▶ **ASSIGNED TASK**: When the line containing "Wie Sie die" is found in the data below, copy it and each line after it through the line containing "Theresa Neil has", exactly and with no others.

PROVIDED RECORDS START

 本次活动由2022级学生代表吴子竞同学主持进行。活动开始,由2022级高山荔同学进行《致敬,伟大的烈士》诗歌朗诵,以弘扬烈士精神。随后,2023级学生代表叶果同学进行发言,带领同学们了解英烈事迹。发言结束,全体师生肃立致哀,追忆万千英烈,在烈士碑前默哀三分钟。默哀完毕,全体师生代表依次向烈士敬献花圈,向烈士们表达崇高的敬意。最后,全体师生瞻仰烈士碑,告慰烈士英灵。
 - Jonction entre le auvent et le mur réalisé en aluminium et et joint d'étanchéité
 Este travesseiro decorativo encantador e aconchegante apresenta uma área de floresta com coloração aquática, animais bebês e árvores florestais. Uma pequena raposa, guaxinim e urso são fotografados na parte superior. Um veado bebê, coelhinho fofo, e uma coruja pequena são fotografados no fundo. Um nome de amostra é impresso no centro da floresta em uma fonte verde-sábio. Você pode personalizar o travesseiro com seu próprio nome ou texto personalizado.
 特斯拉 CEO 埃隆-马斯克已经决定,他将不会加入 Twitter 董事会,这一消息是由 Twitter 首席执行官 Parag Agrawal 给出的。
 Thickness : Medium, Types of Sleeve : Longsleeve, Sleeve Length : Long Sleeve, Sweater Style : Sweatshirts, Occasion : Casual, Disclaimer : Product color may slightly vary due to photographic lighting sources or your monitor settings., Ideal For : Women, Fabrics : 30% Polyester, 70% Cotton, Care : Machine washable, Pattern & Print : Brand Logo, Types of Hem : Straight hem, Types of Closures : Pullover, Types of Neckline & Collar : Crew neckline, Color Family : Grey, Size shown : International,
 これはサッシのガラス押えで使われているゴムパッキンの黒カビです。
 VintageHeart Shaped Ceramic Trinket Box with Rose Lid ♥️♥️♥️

PROVIDED RECORDS END
PROVIDED RECORDS START

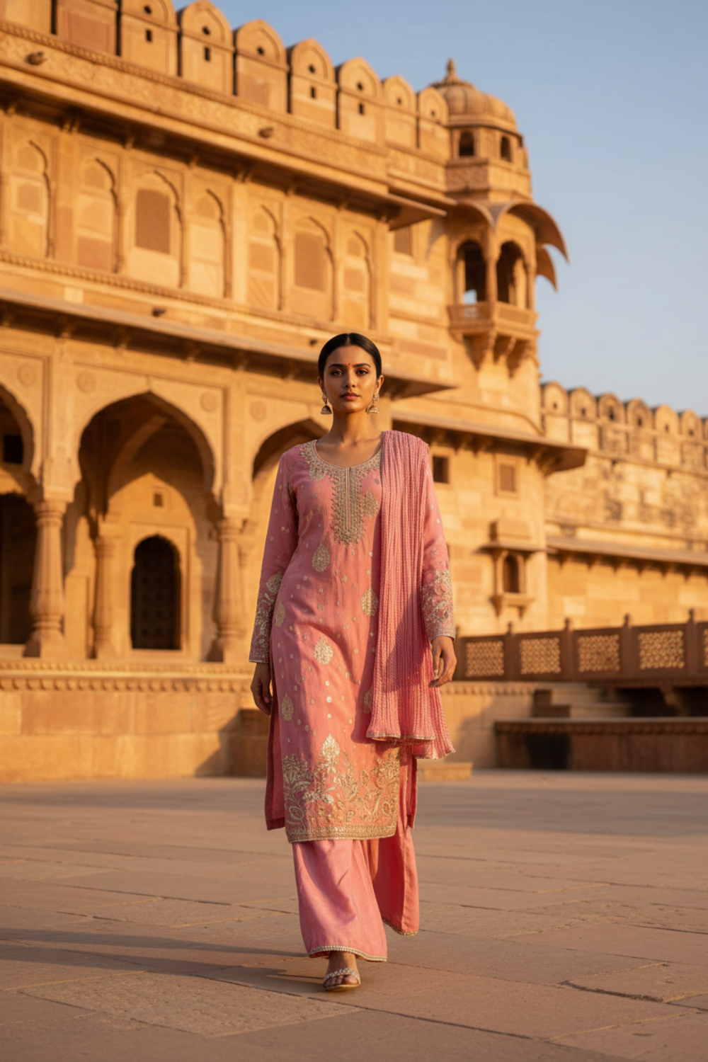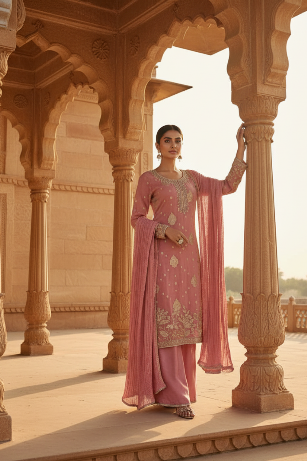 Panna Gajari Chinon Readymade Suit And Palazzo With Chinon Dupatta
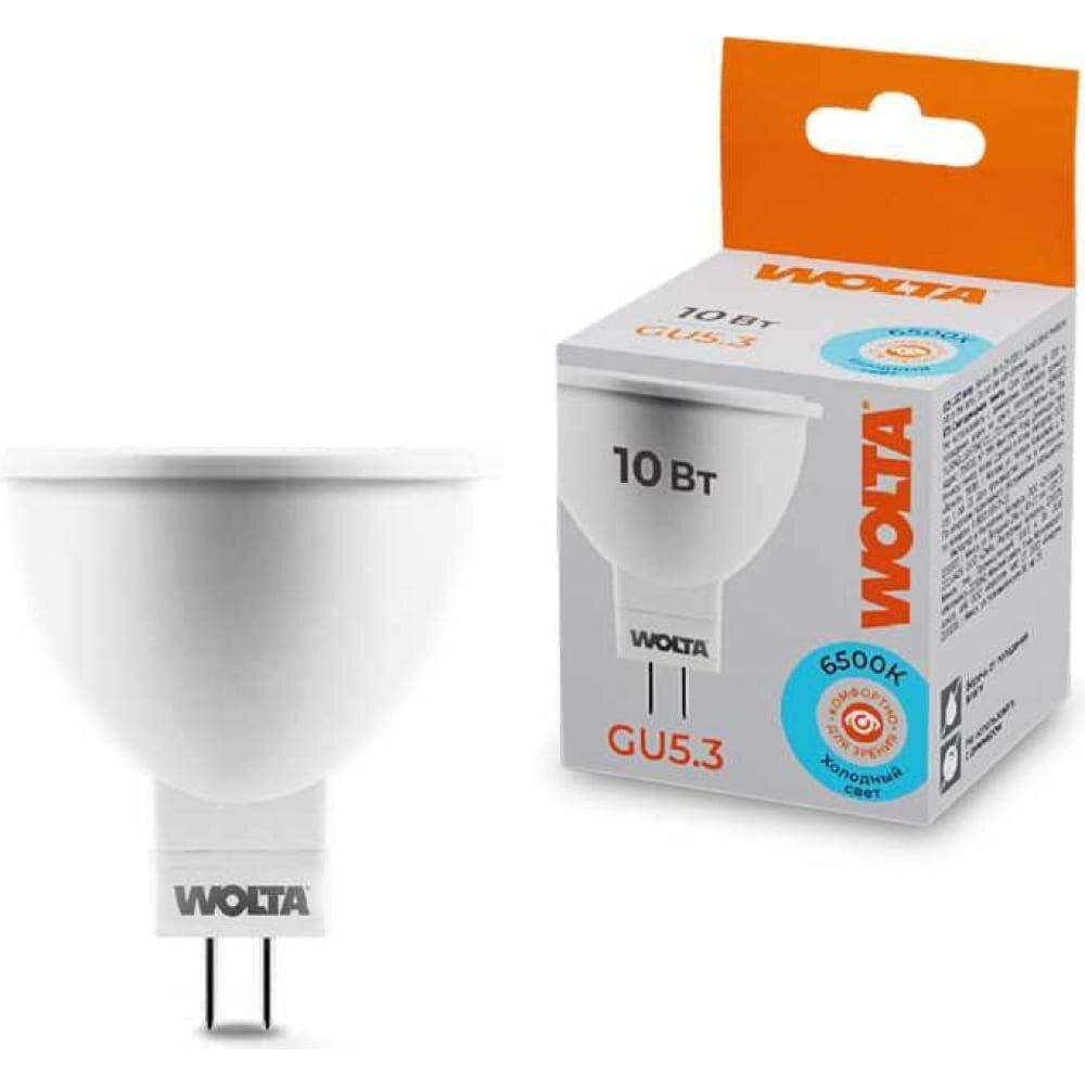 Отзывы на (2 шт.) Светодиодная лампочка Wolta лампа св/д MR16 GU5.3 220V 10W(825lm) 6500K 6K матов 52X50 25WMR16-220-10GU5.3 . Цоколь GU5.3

PROVIDED RECORDS END
PROVIDED RECORDS START

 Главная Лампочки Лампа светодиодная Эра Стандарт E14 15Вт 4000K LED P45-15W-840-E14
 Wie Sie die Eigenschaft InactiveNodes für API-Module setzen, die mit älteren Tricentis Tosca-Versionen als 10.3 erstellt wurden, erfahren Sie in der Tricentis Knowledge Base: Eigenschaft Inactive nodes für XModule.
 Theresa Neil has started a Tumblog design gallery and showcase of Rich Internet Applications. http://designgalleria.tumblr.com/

PROVIDED RECORDS END

▶ **TASK OUTPUT**:
 Wie Sie die Eigenschaft InactiveNodes für API-Module setzen, die mit älteren Tricentis Tosca-Versionen als 10.3 erstellt wurden, erfahren Sie in der Tricentis Knowledge Base: Eigenschaft Inactive nodes für XModule.
 Theresa Neil has started a Tumblog design gallery and showcase of Rich Internet Applications. http://designgalleria.tumblr.com/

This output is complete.